Adjusted diluted earnings per share from continuing operations for the twelve months of 2012 was $4.40, an increase of 14.9% over the prior year period.
This increase reflects additional sales volume and the introduction of new products to the marketplace, improved pricing, gross profit expansion, and reduced tax expense. The improvement in profitability was partially offset by investment in sales,
marketing and research and development.
OTHER FINANCIAL HIGHLIGHTS AND KEY PERFORMANCE METRICS
Depreciation expense and amortization of intangible assets and deferred financing costs for the twelve months of 2012 were $94.9 million compared to $96.5
million for the prior year period.
Cash and cash equivalents at December 31, 2012 were $337.0 million compared to $584.1 million at
December 31, 2011. The decrease in cash and cash equivalents is largely attributable to the acquisition of LMA which was completed on October 23, 2012.

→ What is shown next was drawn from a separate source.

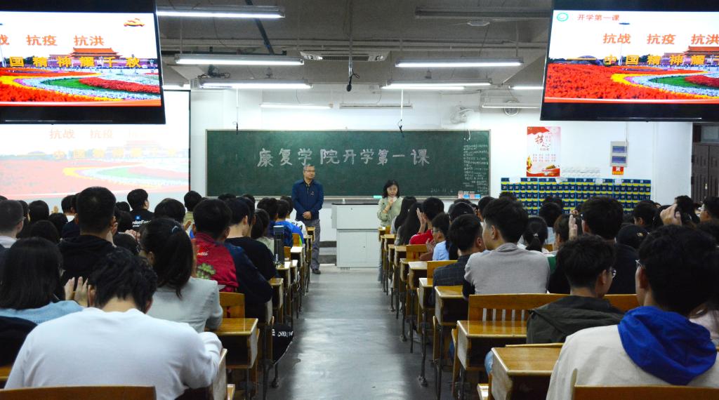 11月6日晚,康复学院领导班子分别在黄金校区为该院全体在校生上开学第一课。该院学工办老师及650名学生参加。

Net accounts receivable at December 31, 2012 were $298.0 million compared to $286.2 million at December 31, 2011.
Net inventories at December 31, 2012 were $323.3 million compared to $298.8 million at December 31, 2011.

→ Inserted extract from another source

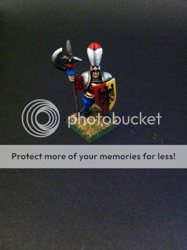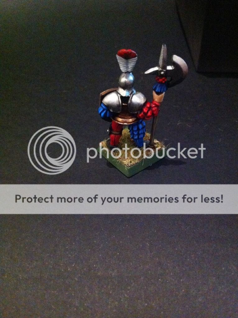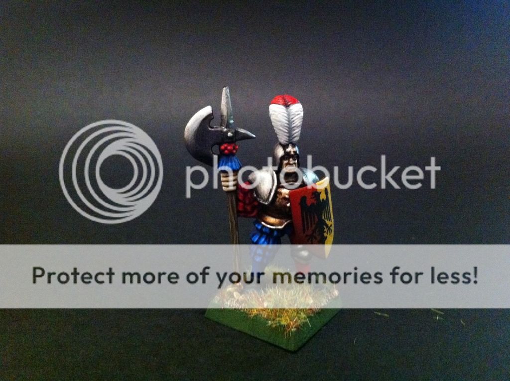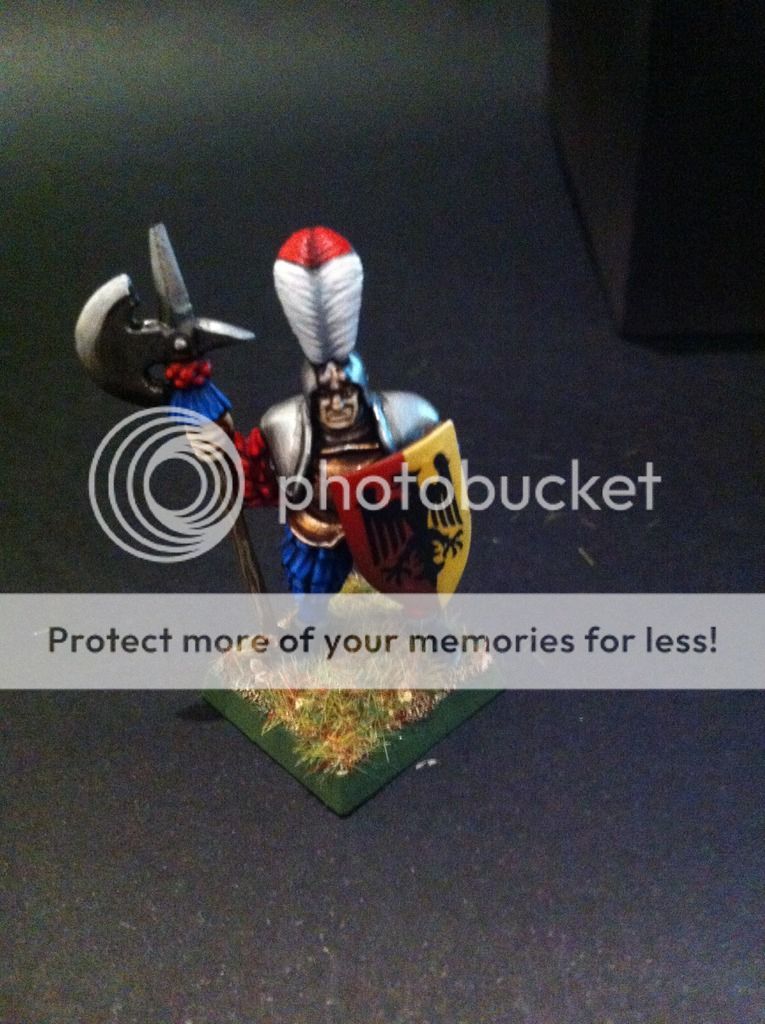 Ahora una figura de prueba de pintado de los alabarderos. El primero que pinto, de estos clones de principios de los noventa. La verdad es que para ser una figura algo tosca y haberla despintado ( parecia un muñeco de nieve maquillado con la escopeta de maquillaje de homer simpson), estoy bastante satisfecho... veremos a ver si mantengo mi entusiasmo tras pintar un regimiento de veinte de estos tipos.

Net debt obligations at December 31, 2012 were $692.7 million compared to $445.9 million at December 31, 2011.
The Company s financial estimates for 2013 are as follows:
Constant currency revenue growth
between 11% and 13% for full year 2013.
Adjusted diluted earnings per share in the range of $4.70 to $4.90.

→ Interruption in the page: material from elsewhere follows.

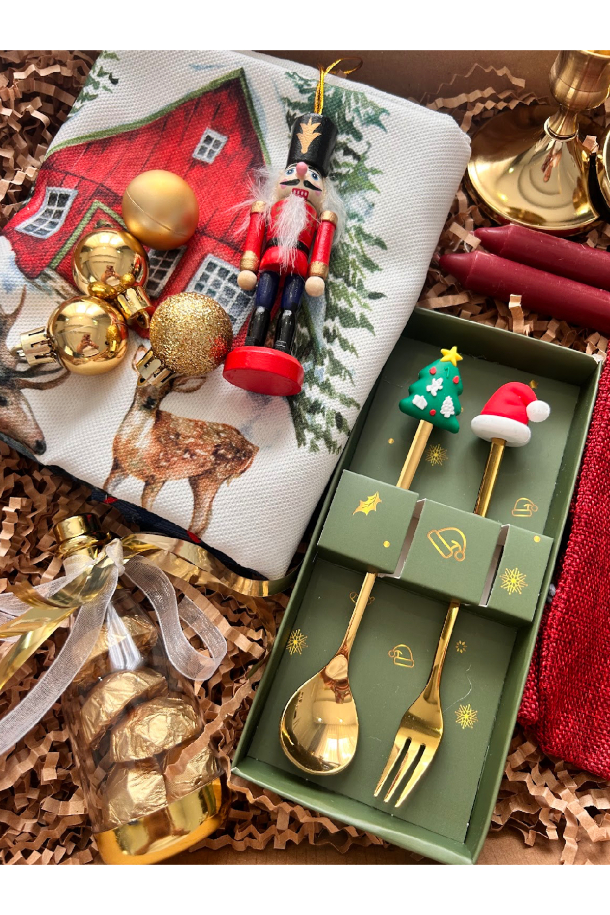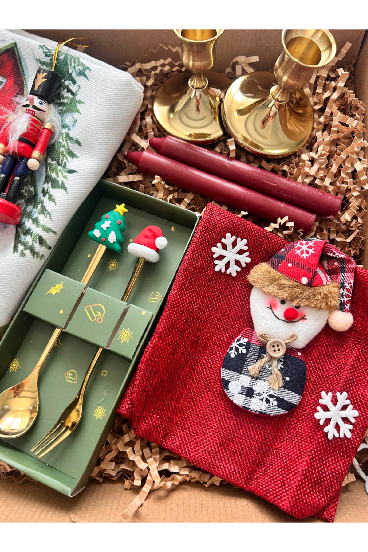 Yılbaşı Hediye Kutusu | Şarap Kılıfı, Gold Şamdan, Çikolata ve Dekoratif Süsler

2013 OUTLOOK EARNINGS PER SHARE RECONCILIATION
| Low | High | |||||||
| Diluted earnings per share | $ | 3.20 | $ | 3.40 | ||||
| Restructuring and impairment charges, net of tax | $ | 0.51 | $ | 0.51 | ||||
| Intangible amortization expense, net of tax | $ | 0.82 | $ | 0.82 | ||||
| Amortization of debt discount on convertible notes, net of tax | $ | 0.17 | $ | 0.17 | ||||
| Adjusted diluted earnings per share | $ | 4.70 | $ | 4.90 |
CONFERENCE CALL WEBCAST AND ADDITIONAL INFORMATION
As previously announced, Teleflex will comment on its financial results on a conference call to be held today at 8:00 a.m. (ET). The call will be available live and archived on the company s website
at www.teleflex.com and the accompanying presentation will be posted prior to the call. An audio replay will be available until February 26, 2013, 11:59pm (ET), by calling 888-286-8010 (U.S./Canada) or 617-801-6888
(International), Passcode: 10277897.
Constant currency revenue and growth exclude the impact of translating the results of international subsidiaries at different currency exchange rates from period to period.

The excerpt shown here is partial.